Canadian Manufacturing

Fiat Chrysler offers hackers bounty to report cyber threats

The first major automaker to crowdsource cybersecurity, company will pay hackers between US$150 and $1,500 for spotting a software glitch



PHOTO: FCA

Last year hackers demonstrated how they could use a software glitch to take control of a 2014 Jeep Grand Cherokee. PHOTO: FCA

DETROIT—Fiat Chrysler is turning to weekend car tinkerers and good-guy hackers to expose software vulnerability in its cars and trucks.

The Italian-American automaker is offering a bounty of US$150 to $1,500 to people who spot software bugs and report them so they can be fixed. The size of the reward depends on how critical the bug is and how many vehicles it affects.

The company will offer the bounty on the Bugcrowd platform. The platform will manage the payouts.

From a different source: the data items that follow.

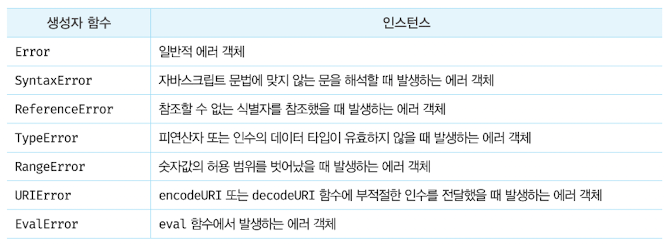 자바스크립트는 Error 생성자 함수를 포함해 7가지의 에러 객체를 생성할 수 있는 Error 생성자 함수를 제공한다.
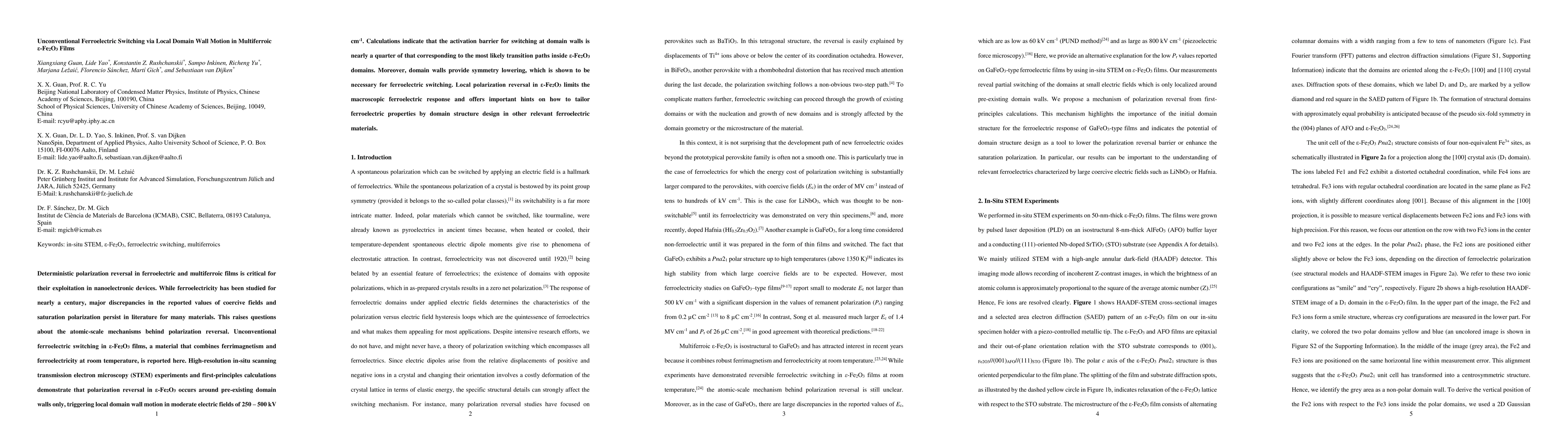 Deterministic polarization reversal in ferroelectric and multiferroic films is critical for their exploitation in nanoelectronic devices. While ferroelectricity has been studied for nearly a century, major discrepancies in the reported values of coercive fields and saturation polarization persist in literature for many materials. This raises questions about the atomic-scale mechanisms behind polarization reversal. Unconventional ferroelectric switching in $\epsilon$-Fe2O3 films, a material that combines ferrimagnetism and ferroelectricity at room temperature, is reported here. High-resolution in-situ scanning transmission electron microscopy (STEM) experiments and first-principles calculations demonstrate that polarization reversal in $\epsilon$-Fe2O3 occurs around pre-existing domain walls only, triggering local domain wall motion in moderate electric fields of 250 - 500 kV/cm. Calculations indicate that the activation barrier for switching at domain walls is nearly a quarter of that corresponding to the most likely transition paths inside $\epsilon$-Fe2O3 domains. Moreover, domain walls provide symmetry lowering, which is shown to be necessary for ferroelectric switching. Local polarization reversal in $\epsilon$-Fe2O3 limits the macroscopic ferroelectric response and offers important hints on how to tailor ferroelectric properties by domain structure design in other relevant ferroelectric materials.
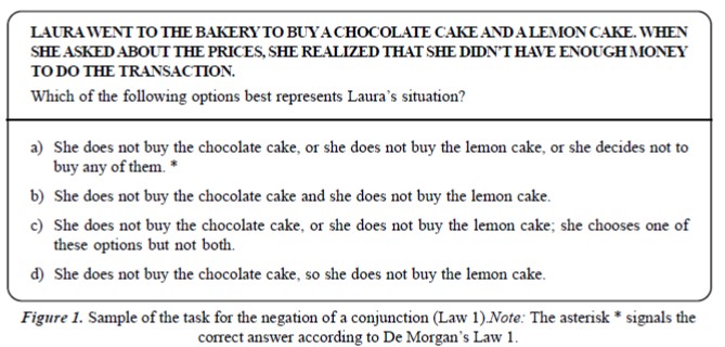 Another option offered was the so-called scope bias, associated with the processing bias proposed by Khemlani et al. (2012). This deviation is observed in the case of compound negation, according to which individuals tend to limit their interpretation to only one of the atomic propositions (small scope) and not to the compound proposition in its entirety (large scope) (Khemlani et al., 2012; Macbeth et al., 2013). To illustrate it better, let’s check the example in Figure 1, where Laura realizes that she does not have enough money to buy a chocolate cake and a lemon cake, as intended. Finding the appropriate logical equivalent in this task requires to be able to deny both atomic propositions jointly: Laura does not buy the chocolate cake, or she does not buy the lemon cake, or she does not buy any of the two (inclusive disjunction: Figure 1, option a; Figure 2, option c). Despite this, most individuals tend to choose the option in which the propositions are denied but only separately; that is, Laura does not buy the chocolate cake, or does not buy the lemon cake; she chooses one but not both (exclusive disjunction: Figure 1, option c; Figure 2, option b).
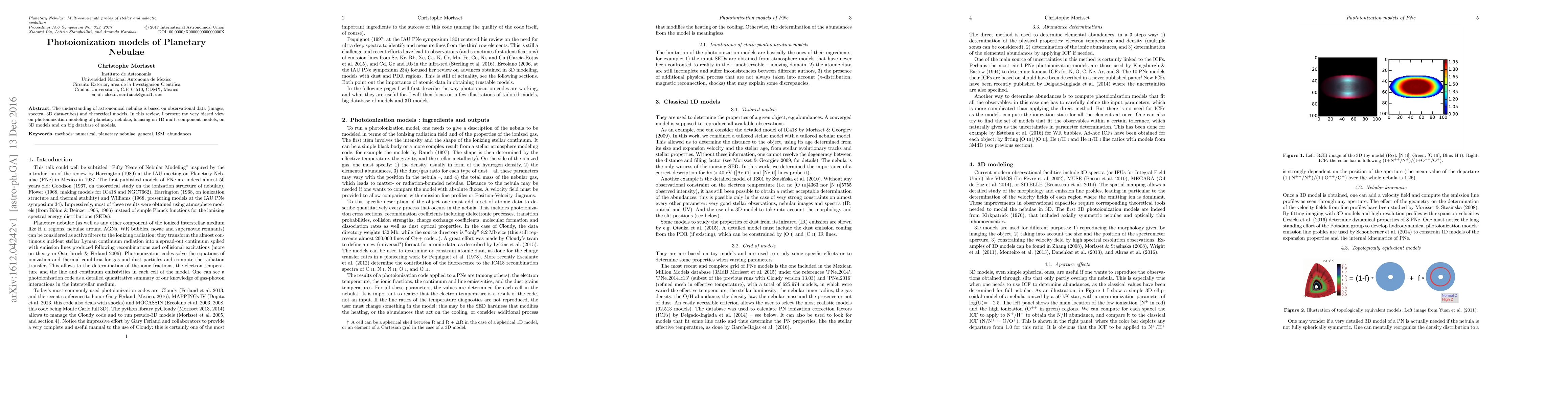 The paper reviews photoionization models of planetary nebulae (PNe), focusing on 1D multi-component models, 3D models, and a large database of models. It discusses the limitations of static photoionization models, including input SEDs, incomplete atomic data, and neglected physical processes.

FCA says it’s the first automaker with a full lineup of cars and trucks to offer such a bounty, although electric car maker Tesla Motors Inc. has made such offers.

Last year, hackers demonstrated how they could use a software glitch to remotely takeover of a 2014 Jeep Grand Cherokee, hijacking control of the vehicle’s electronics and even its transmission. The company issued a voluntary recall on 1.4 million vehicles to address the safety issue shortly after.

FCA says that depending on the nature of the problems, it may make the findings public to benefit other automakers.